- EXERCISE DETAILS
Repeat exactly the lines of the records below, starting at the line containing "- منافذ الشحن: تحتوي" and ending at the line containing "7月16日消息,据报道,湖南". Leave the pictures out.

Excerpts from a dataset
--- --- ---

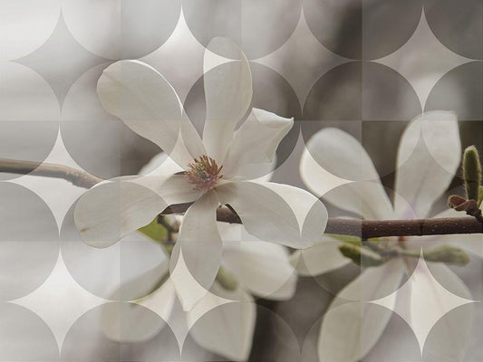 Floral Design Grays White Modern Wood Framed Art Print with Double Matting by Bartola
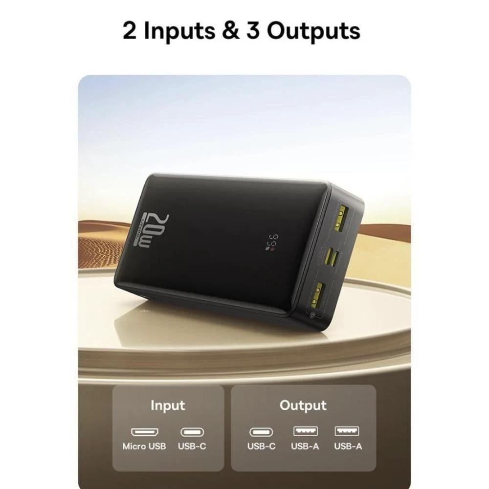 - منافذ الشحن: تحتوي هذه البطارية على منافذ شحن متعددة، بما في ذلك منفذ USB-C ومنفذ USB-A، مما يتيح لك شحن أجهزتك المختلفة بسهولة وفعالية. يمكنك استخدامها لشحن الهواتف الذكية والأجهزة اللوحية والأجهزة الإلكترونية الأخرى التي تعتمد علىمنفذات USB.
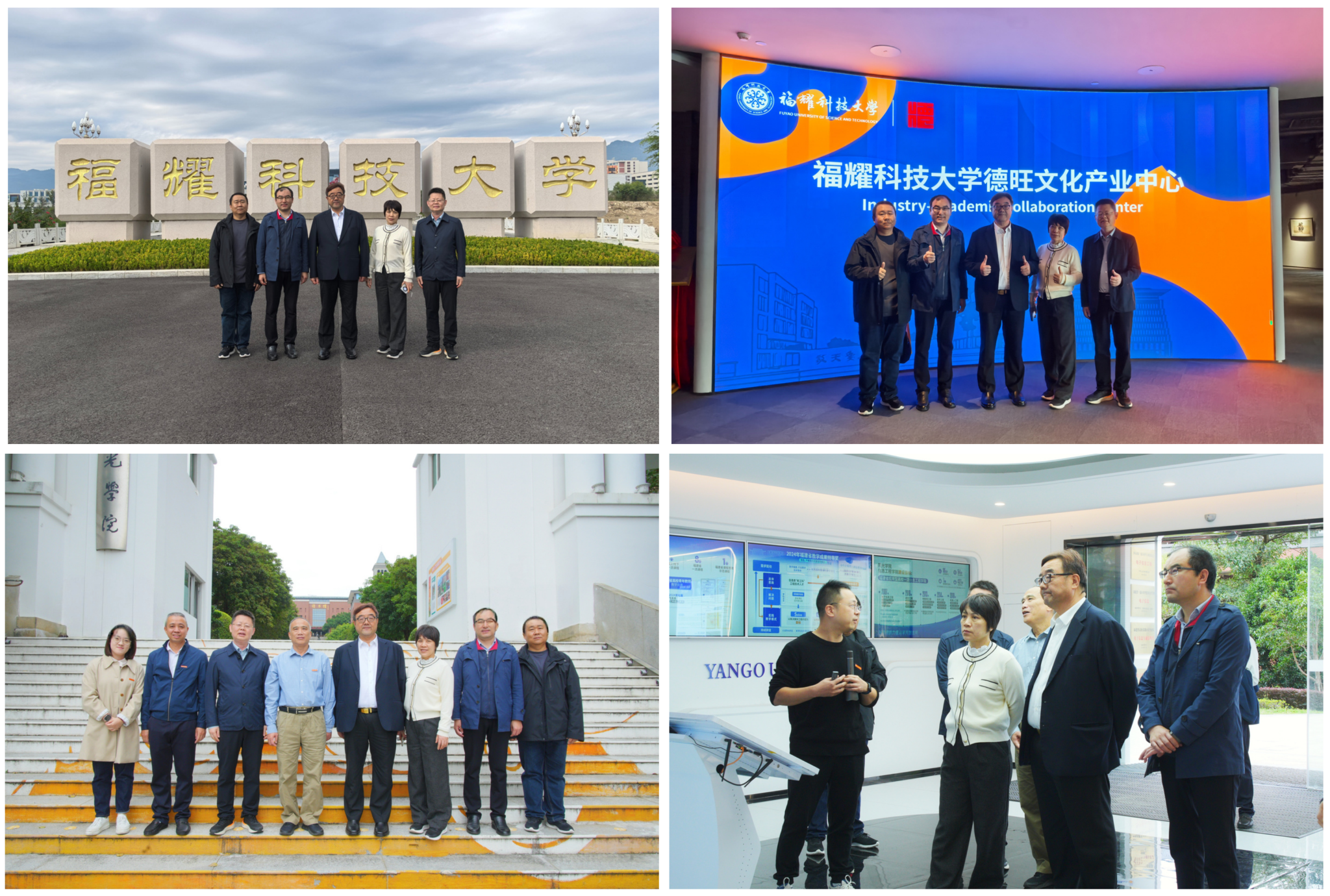 参会间隙,王新奇董事长带队参访了福耀科技大学和阳光学院,与相关校领导沟通交流学校建设管理经验。参观了福耀科技大学校园和图书馆,阳光学院综合展厅、信息工程学院实验室、AI综合技术实验中心,重点考察了人工智能与大数据实验平台的建设和智慧校园运行情况。
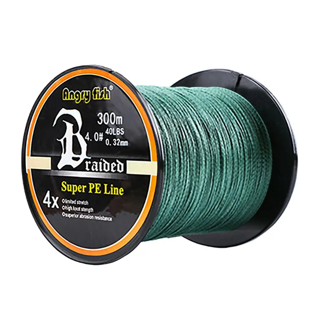 Líneas de pesca Angryfish, 300m, 4 hebras, líneas trenzadas súper fuertes antimordeduras para agua salada/agua dulce
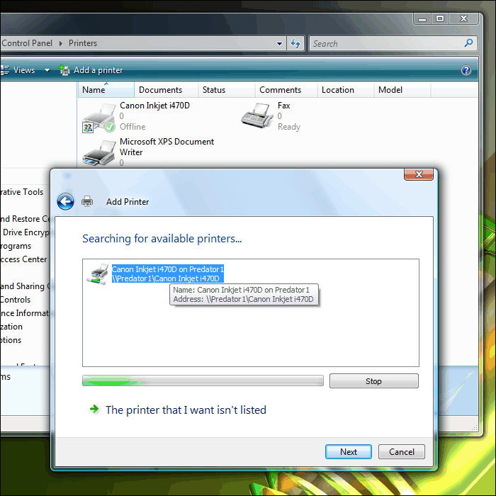 Adding the shared Printer is extremely easy, but may vary slightly depending on the version of Windows you are using to add the printer.  The steps will be very similar to the process we’ll use here in Vista, but you may have to install drivers for your OS.
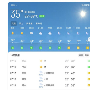 7月16日消息,据报道,湖南省气象台2025年7月16日16时发布高温橙色预警:预计7月17日白天,全省大部分地区将出现37~39℃的高温,湘中以北局地可达40℃以上,请做好防范。
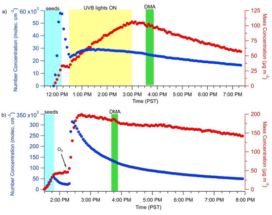 Summary Particle number concentration (blue trace, left Y-axis) and particle mass concentration (red trace, right Y-axis) for (a) TOL/OH SOA at low relative humidity and (b) LIM/O3 SOA at low relative humidity. The blue shaded area corresponds to the addition of nicotinic seed particles, the yellow shaded area corresponds to photooxidation, and the green shaded area corresponds to the injection of DMA.
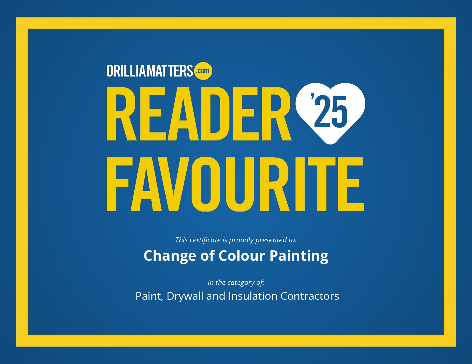 Change of Colour is considered as a highly qualified painter team in Orillia and nearby areas. Just look at our reviews to see why, when you search painter Orillia, we are in 3 pack ranking of Google Maps list. Our painting company can bring your home, office, or commercial building to life with paint.
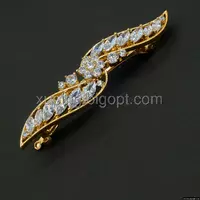 Заколка выполнена из медицинского сплава на основе латуни с добавлением легирующих элементов, с целью улучшения каких-либо его свойств, например коррозионной стойкости или прочности. Такой сплав не вызывает аллергии, не вступает в реакцию с потом человека, не меняет свои свойства под воздействием соленой воды и солнца. Поверхность заколки покрыта золотом 18 карата.
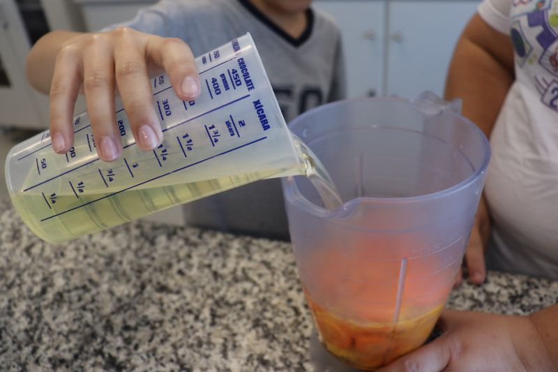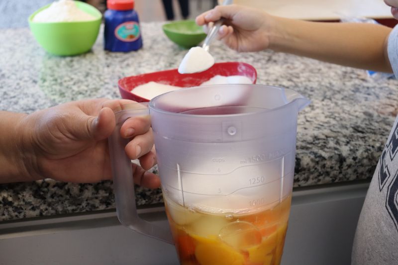 Enquanto a Cássia conduzia o preparo, os alunos aprenderam o passo a passo da receita e o nome de cada ingrediente, em inglês.

--- --- ---

- TASK ANSWER
 - منافذ الشحن: تحتوي هذه البطارية على منافذ شحن متعددة، بما في ذلك منفذ USB-C ومنفذ USB-A، مما يتيح لك شحن أجهزتك المختلفة بسهولة وفعالية. يمكنك استخدامها لشحن الهواتف الذكية والأجهزة اللوحية والأجهزة الإلكترونية الأخرى التي تعتمد علىمنفذات USB.
 参会间隙,王新奇董事长带队参访了福耀科技大学和阳光学院,与相关校领导沟通交流学校建设管理经验。参观了福耀科技大学校园和图书馆,阳光学院综合展厅、信息工程学院实验室、AI综合技术实验中心,重点考察了人工智能与大数据实验平台的建设和智慧校园运行情况。
 Líneas de pesca Angryfish, 300m, 4 hebras, líneas trenzadas súper fuertes antimordeduras para agua salada/agua dulce
 Adding the shared Printer is extremely easy, but may vary slightly depending on the version of Windows you are using to add the printer.  The steps will be very similar to the process we’ll use here in Vista, but you may have to install drivers for your OS.
 7月16日消息,据报道,湖南省气象台2025年7月16日16时发布高温橙色预警:预计7月17日白天,全省大部分地区将出现37~39℃的高温,湘中以北局地可达40℃以上,请做好防范。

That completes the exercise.